──────── LISTED RECORDS ────────
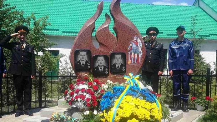 Памятный знак открыт в память о пожарных-спасателях, погибшим 30 мая 2016 года на территории Грибовичской свалки.
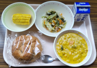 【地元食材を味わおう(とうもろこし)】黒パン 牛乳 かぼちゃのシチュー レモンド...
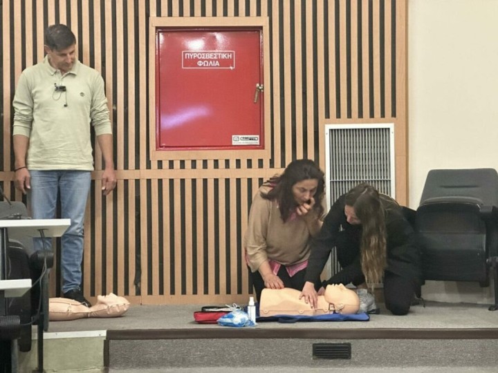 Στη συνέχεια, ακολούθησε η εξάσκησή τους πάνω στην Καρδιοπνευμονική Αναζωογόνηση, στη χρήση του Αυτόματου Εξωτερικού Απινιδωτή, στην Πλάγια θέση Ασφαλείας και στην Αφαίρεση ενός Ξένου Σώματος (Πνιγμονή) – Τεχνική Heimlich.
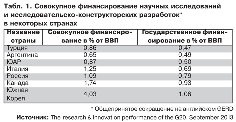 Отдельно следует сказать о многолетних заклинаниях представителей научной элиты (хочется взять это слово в кавычки) о легендарных 1,7% ВВП на науку, которых ни одно правительство не может обеспечить. Действительно, эта цифра заложена в соответствующем законе, но она включает и НЕбюджетное финансирование. И здесь возникает важный вопрос - а какую, собственно, часть должно финансировать государство? Очевидно, в условиях, когда бывшее "народное хозяйство" подверглось тотальной приватизации, абсолютное большинство прикладных научных разработок должен финансировать частный бизнес, а не государство. Единственное большое исключение - разработки для укрепления обороноспособности Украины. Но, как теперь стало совершенно очевидно, ими серьезно никто не занимался. Во времена СССР государство просто обязывало предприятия выделять определенную часть доходов "на науку". Наши научные генералы это хорошо знают, и было бы логично, чтобы они не кричали "Государство, дай денег!", а лоббировали законы, которые стимулировали бы украинских олигархов вкладывать деньги в прикладную науку и научные разработки. Вместо этого наши академики, чиновники МОН и депутаты-популисты регулярно вводят общество в заблуждение, утверждая о заоблачных процентах ВВП, которые, мол, выделяют на научно-техническую сферу в других странах. Ниже приведена таблица с соответствующими данными, взятыми из исследования The research & innovation performance of the G20. Ее опубликовало в 2013-м вышеупомянутое агентство Reuters. Чтобы не утомлять читателя цифрами (больше можно легко найти в Интернете), часть стран "Большой двадцатки" опускаем (США, Индия, Китай, Германия), поскольку экономика этих стран несравненно мощнее, чем украинская.
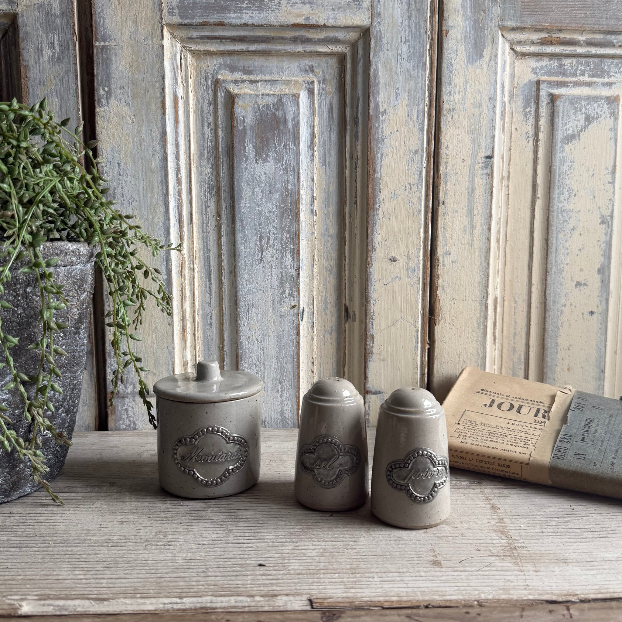 Salt & Pepper pots and a lidded Moutarde pot.
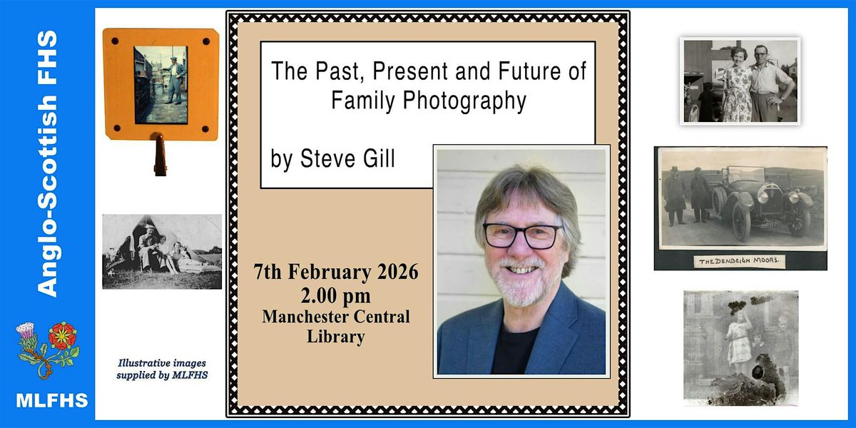 Family photographs are precious, whether they are damaged glass plates, faded colour images from the 1960s, or hundreds of snaps taken with our mobile phones. Steve Gill is a professional photographer and image restorer, fully qualified to advise on good practice when caring for or restoring older images, and also fully conversant with AI, its benefits and limitations, and how best to use AI to identify details in old photographs. There may also be advice on using AI to enhance images. Whether you have specific questions or just want to learn more generally, this talk will will appeal to all. (Note: the images above are added from volunteers' collections for illustrative puposes only).
────────
WHAT YOU HAVE TO DO = Using the data above, set down each line from the line with "牛乳 かぼちゃのシチュー レモンド..." to the line with "Στη συνέχεια, ακολούθησε" exactly, both ends included, and leave the pictures behind. Nothing else belongs.

ANSWER SECTION =
 【地元食材を味わおう(とうもろこし)】黒パン 牛乳 かぼちゃのシチュー レモンド...
 Στη συνέχεια, ακολούθησε η εξάσκησή τους πάνω στην Καρδιοπνευμονική Αναζωογόνηση, στη χρήση του Αυτόματου Εξωτερικού Απινιδωτή, στην Πλάγια θέση Ασφαλείας και στην Αφαίρεση ενός Ξένου Σώματος (Πνιγμονή) – Τεχνική Heimlich.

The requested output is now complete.